После короткой остановки Студенческий батальон вошел в станицу и расположился в здании школы. С оживлением рассаживалась молодежь за столь знакомые им парты и немедленно принялась утолять голод, уничтожая выданное перед походом. Но – одолевал сон, и многие засыпали с недожеванной колбасой во рту.
Следуя за какими-то повозками, шел Офицерский батальон. У входа в станицу, после четырехчасового похода, повозки остановились; остановился и батальон. Люди значительно устали, продрогли, проголодались: ведь накануне целый день были в бою. Все с нетерпением ждали квартирьеров. Время шло… Томительное ожидание делает людей неразговорчивыми, озлобленными. Но вот, наконец, из темноты кто-то окликает батальон: квартирьер. Батальон обходит продолжавшие стоять повозки и втягивается в улицу станицы. Улица запружена обозами, орудиями. Строя уже нет: все идут вразброд. На станционной площади, менее забитой, части быстро приводятся в порядок. Если, не дай Бог, исполнение приказа не понравится кому-либо из ближайшего начальства, команда будет повторяться, пока выполнение не удовлетворит его.
– 3-й взвод, в полевую заставу! – отдается приказ командира роты.

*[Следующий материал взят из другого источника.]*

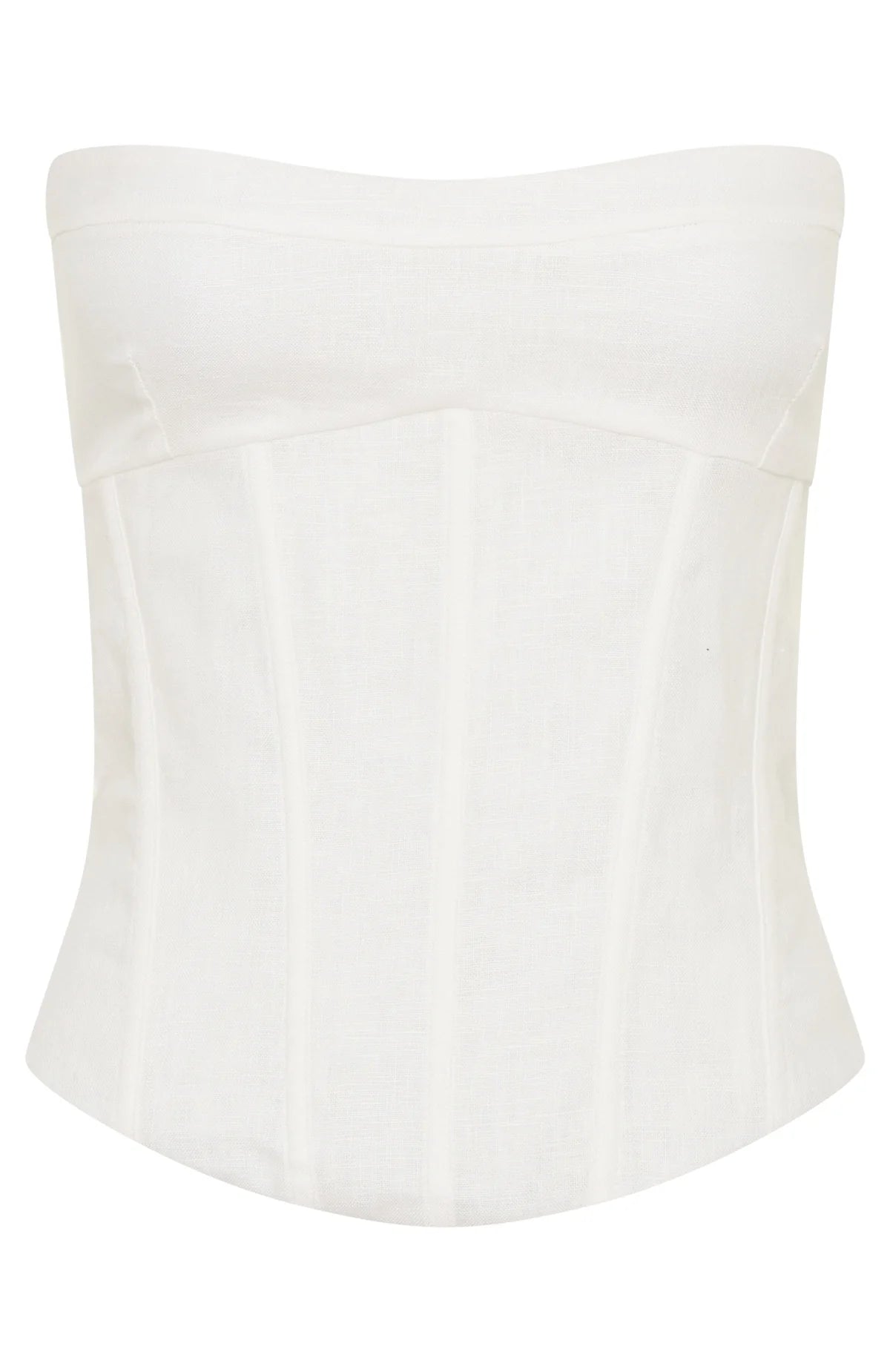 Simple joys, timeless style! The Downtown Pulse Strapless Bustier White features a strapless neckline with grip‑tape support, an under‑bust seam and boning down the bodice for structured elegance, a back zipper with hook‑and‑eye closure and fully lined for comfort. Style with the matching Unfinished Feelings Pants White, sandals and a chic bag for a merry look.

Офицеры взвода отказываются верить своим ушам. Им кажется, что они уже не в состоянии выполнить приказание: опять куда-то идти в темную ночь, в окружающую, воющую метель. Командир взвода невозмутим: он поворачивает свой взвод, который снова, пробираясь между подводами, идет в ту сторону, откуда пришел, и останавливается за станицей на каком-то бугорке, в сотне шагов от железной дороги, неподалеку от грунтовой дороги на Ростов.
По дороге, увязая в снежных сугробах, движутся еще отдельные повозки и небольшие группы. До самого утра пробирались хвосты отсталых. Кто-то в штатском отрекомендовался офицером, желающим присоединиться к Добровольной армии…
Погода стала меняться к лучшему: постепенно стих ветер, прекращался снег… Утро стало ясное и мягко-морозное.
10 февраля. Техническая рота проработала на переправе всю ночь, подготовляя спуск к реке для проезда батарей и обозов, устраивая настил с берега на лед. Стучали кирки по обледенелой земле, рубили и сколачивали доски, бревна. Рассыпался на спуске песок… Лед на реке достаточно крепок, чтобы выдержать тяжесть орудий. Однако чины Юнкерской батареи предусматривают худшее и приготовляли доски.
Еще затемно Дон перешли – конный дивизион полковника Гершельмана и Партизанский отряд сотника Грекова, которые должны были – первый обеспечивать армию с востока, второй с запада, в сторону Батайска. За ними группа квартирьеров.
С утра стали переправляться части и обозы по указанной очереди. Техническая рота оставалась на переправе для поддержания порядка и оказания нужной помощи. Рано утром пришел генерал Марков. Он был в серой куртке с генеральскими погонами, в большой белой папахе, в бриджах с генеральскими лампасами и с плеткой в руке.
– Ну как, полковник? Все идет по-хорошему? – громко обратился он к командиру Технической роты. Генерал Марков надолго задержался у переправы. Иных грозно призывал к порядку и спокойствию, других подбадривал, отпускал шутки.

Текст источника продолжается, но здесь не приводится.